Narrowband filters, as the name suggests, allow only a small part of the spectrum to pass through. Many of the deep sky objects emit in a series of wavelengths of interest to astronomers, therefore specific filters have been created for those frequencies to isolate these signals and process them separately. The most common are:


H-Alpha filter

The H-Alpha filter blocks all emissions except the areas near the spectrum at 656.28nm. This particular frequency is emitted by the ionized hydrogen content of the gas clouds in space. It is also widely used in solar astronomy in conjunction with an infrared filter to prevent infrared rays from deteriorating the coating of the H-Alpha filter.

OIII Filter

The OIII or Double Ionized Oxygen filter allows only the wavelengths between 500.7nm and 495.9nm, that correspond to the turquoise and cyan colors. They are very useful for observing planetary and diffuse nebulae in which there are high concentrations of OIII.

SII Filter

Ionized Sulfur filters allow light to pass between 671.7nm and 673nm emitted by some nebulae.

These three filters together allow to process the images with the so-called Hubble Palette, leaving the images with an aspect similar to that of the photos of the space telescope.

nebulosa-carina-hubble.jpg

Detail photo of the Carina Nebula by NASA, ESA, and the Hubble SM4 ERO team


These filters can be used in both monochrome and color cameras as they isolate very narrow wavelengths.


Filters for use in color cameras

IR/UV Filters :  

In essence it is the same luminance filter that is used in monochrome cameras to prevent star bloating in the image.
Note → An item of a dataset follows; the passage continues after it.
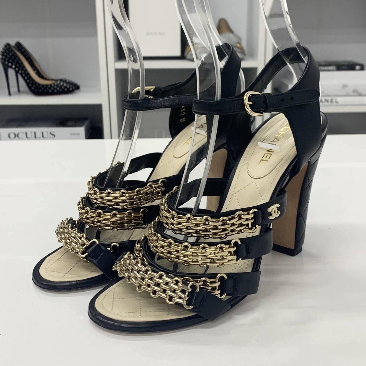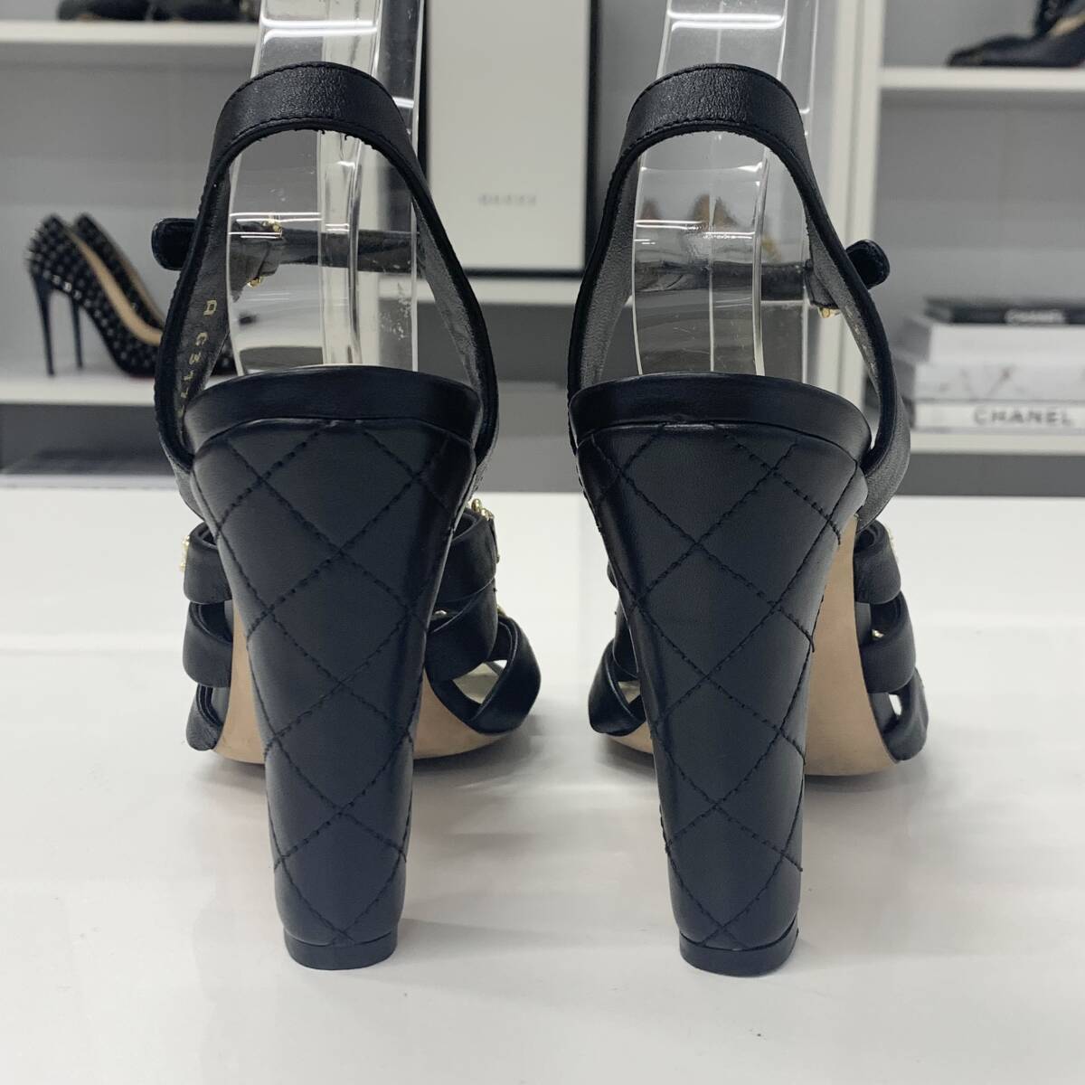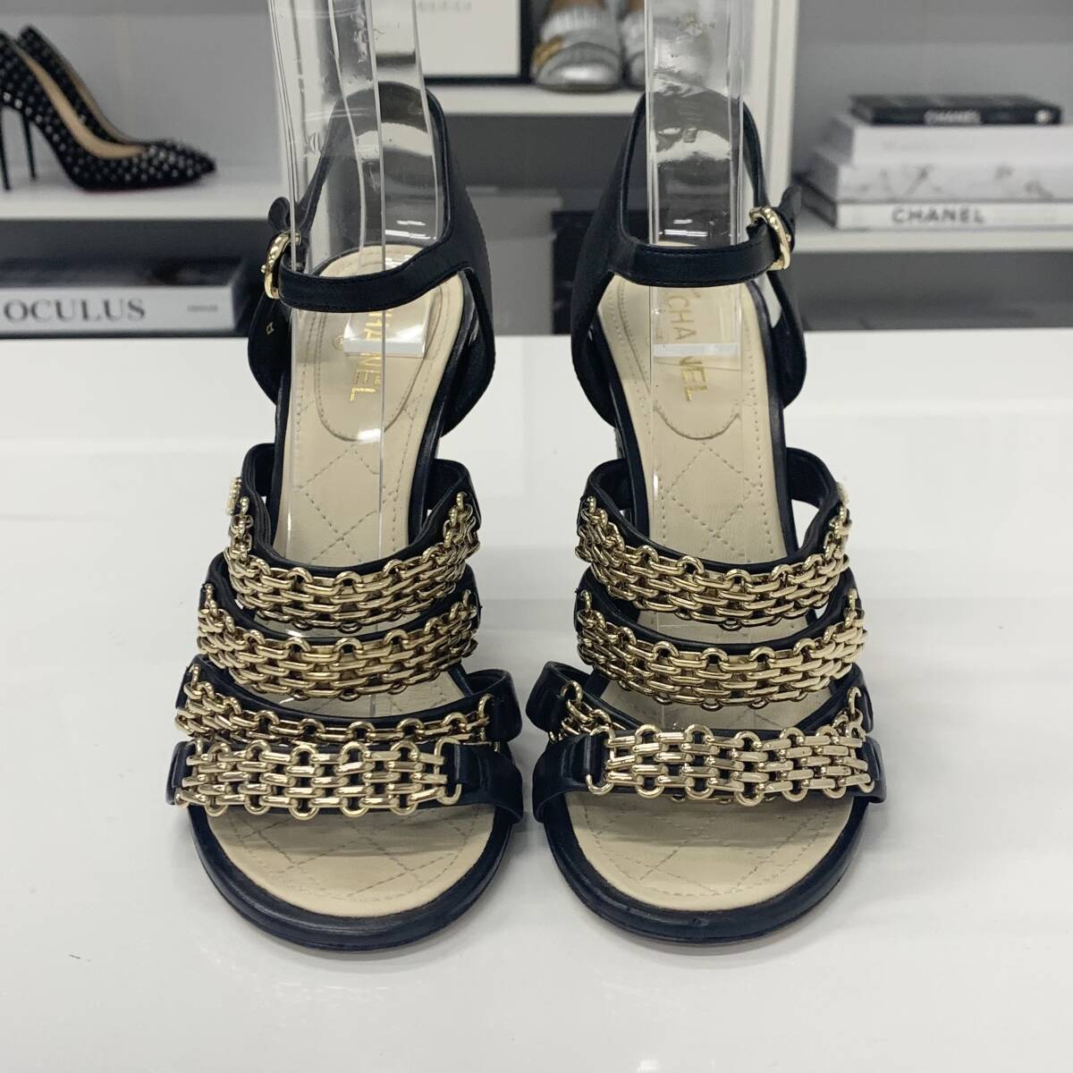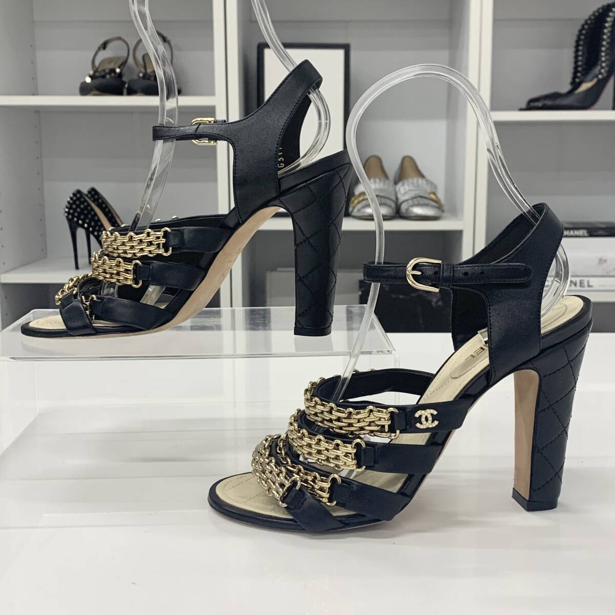 シャネル ココマーク レザー チェーン ストラップ サンダル ブラック

Dual, Triple, Narrowband Filters ... : 

Dual, Triple, and other narrowband filters are useful for color cameras because the combination of narrowbands can be captured in one shot. without having to do each one separately.


Light pollution filters

CLS : 

CLS or "City Light Supression" filters are filters that partially block the wavelengths of light emissions from the most common lights in cities such as sodium vapor lamps. Today there are CLS filters that block some of the emission from LED lights and other sources of unwanted lighting.

CLS-CCD : 

This type of filter is specific for cameras that do not already have IR/UV filters. This filter combines the ability to filter infrared and ultraviolet along with the ability to block the same frequencies as a normal CLS filter.

Narrowband Filters : 

Although narrowband filters are not "per-se" light pollution filters, they block the vast majority of the spectrum and therefore can be used to capture images at highly light polluted locations.

Conclusions

There are many filters used in astronomy (especially planetary) for specific applications that I have not included in the article due to lack of knowledge since I normally focus on deep sky astrophotography. Maybe in the future I could write more about specific filters as I learn more about them and can try them out.


I hope this article has shed a little light (ba-dum-tss) on the subject of filters so we can better understand which filters interest us according to the use we want to give them.